Dr Topol: When we first met, one of the things that you presented to me, which I was really struck by, was the fact that you had all of these medical records on your mobile device—scans, hospital/clinic notes, and lab tests. This was PicnicHealth, one of your investments. I contacted them and tried it. I got 25 years—in three different cities and 25 different doctors—everything that has ever happened to me, connecting the dots from every lab test and scan right to my phone. And I'm saying, "Why doesn't everybody have this?"

So what is holding us back?

Mr Wallach: If we go back to my three buckets of problems, the third bucket is futuristic medicine—that stuff that only gets funded and executed by people who are really intrepid. They believe that in the future there is something unknown that we should be chasing after that is going to be amazing. So, for that one, we just have to rely on crazy thrillseekers.

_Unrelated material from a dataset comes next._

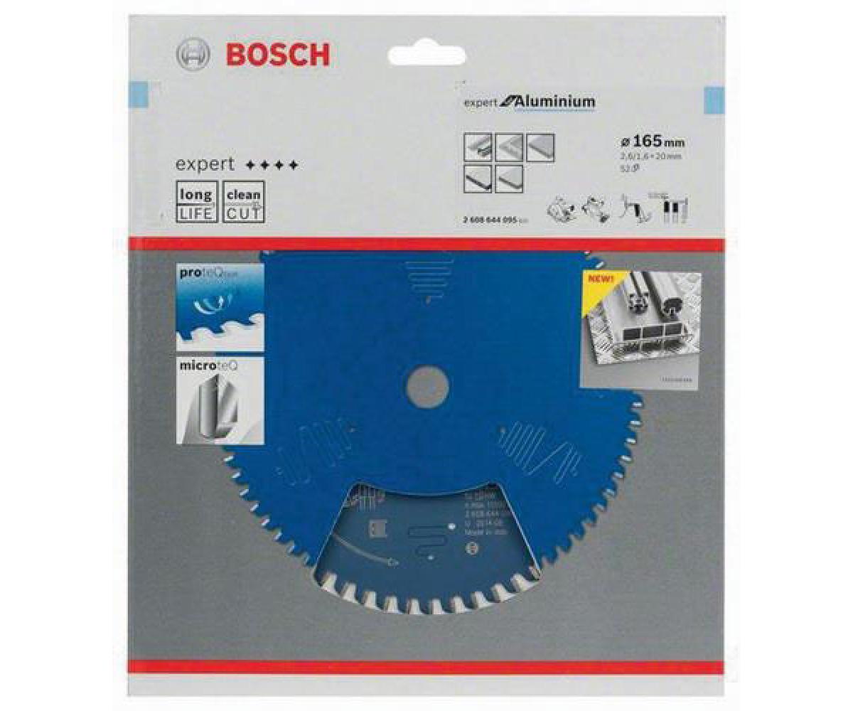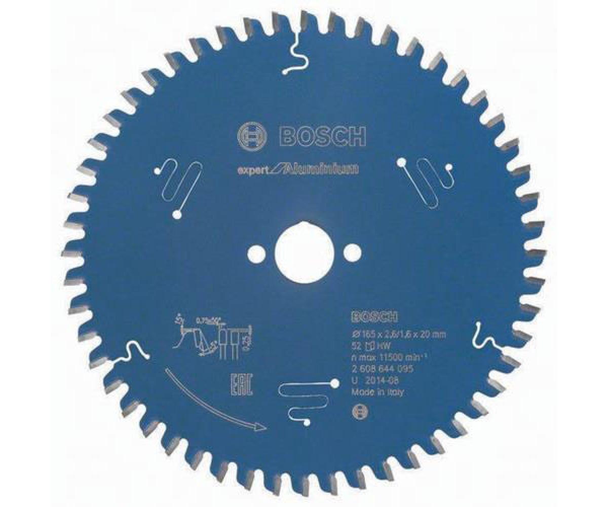 Kreissägeblatt Expert for Aluminium für Tauch- und Handkreissägen. Außendurchmesser: 165 mm · Bohrung: 20 mm · Schnittbreite: 2,6 mm · Stammblattstärke: 1,6 mm · Zähnezahl: 52. Für saubere Schnitte in Nichteisenmetalle wie Aluminium. Auch geeignet zum Schneiden von Kunststoffen und Epoxy · rohen Spanplatten · Akustikplatten · Leichtbauplatten · abrasive ein- oder zweiseitig beschichtete Plattenwerkstoffe sowie Faserwerkstoffe wie MDF- und OSB-Platten. Zähne aus Microteq für hohe Lebensdauer. Die Verwendung des Universalschneidöls 2 607 001 409 erhöht die Standzeit bei Schnitten in Metall · z. B. Aluminium · um ein Mehrfaches.

Bucket 1, the stupid stuff that we should stop doing, like not giving everyone all of their records in this way—it's a no-brainer that we should do that. It's impossible to imagine a downside to that. Bucket 2, which is applying existing technologies: These are interesting business problems to me because it's hard to find an industry where, if you get smart and capable people to just do the work, it's almost guaranteed to succeed. There are so many opportunities like this. That's not to say that anything is a sure thing. Companies fail for all sorts of reasons. But I actually think the biggest problem is attracting smart, capable people who could go and start what might seem to be a much sexier company in a much sexier industry. Noga [Leviner], who runs PicnicHealth, went to Stanford and is in the startup world in San Francisco. She has Crohn's disease and so it was her own experience that brought her this idea. She was managing relationships with so many different physicians over a long period of time. Getting people like her the capital and the support from the community, like the support you've provided in just endorsing and using her product, is the way that we can attract more talented people to the healthcare industry. I think that's all that is holding it back.

Dr Topol: The old adage that "It's not the stagecoach drivers that are going to build the railways" is what we're seeing here. We have evidence of tech titans—the likes of Google, Apple, IBM, and Microsoft—coming into medicine. We have extraordinary talent like you in the music industry and other sectors of the world that are coming into healthcare because this is like the last frontier. It's so messed up. We need people like you.

Mr Wallach: Thank you.

Dr Topol: It's very refreshing to hear your views and some of your experiences. You are the youngest person I've interviewed for Medscape One-on-One, only 30.

Mr. Wallach: I'm honored.

Dr Topol: Congratulations on just getting married.

Mr Wallach: Thank you.

Dr Topol: It's people like you—the way you think, the refreshing perspective that just isn't within the community—that's the kind of stuff we need for medicine to heal.

Mr Wallach: It's easy because I read your book and then I go and summarize it for people at lunch conversations, and they think I'm a genius. Keep writing, or I'm going to run out of ideas.

Dr Topol: You're very kind. And you're very kind to do this One-on-One interview.

Mr Wallach: Of course. Absolutely.

Dr Topol: Maybe the medical community doesn't know D. A. Wallach, but they will know you more in the future. Your impact, as you have had in music, is likely going to be simulated in the medical sphere. Thanks very much.

Mr Wallach: Thank you. I appreciate it.

Dr Topol: Thank you so much for joining us for this Medscape One-on-One with a very interesting person who did not have his original career in medicine but is now starting to have a significant impact.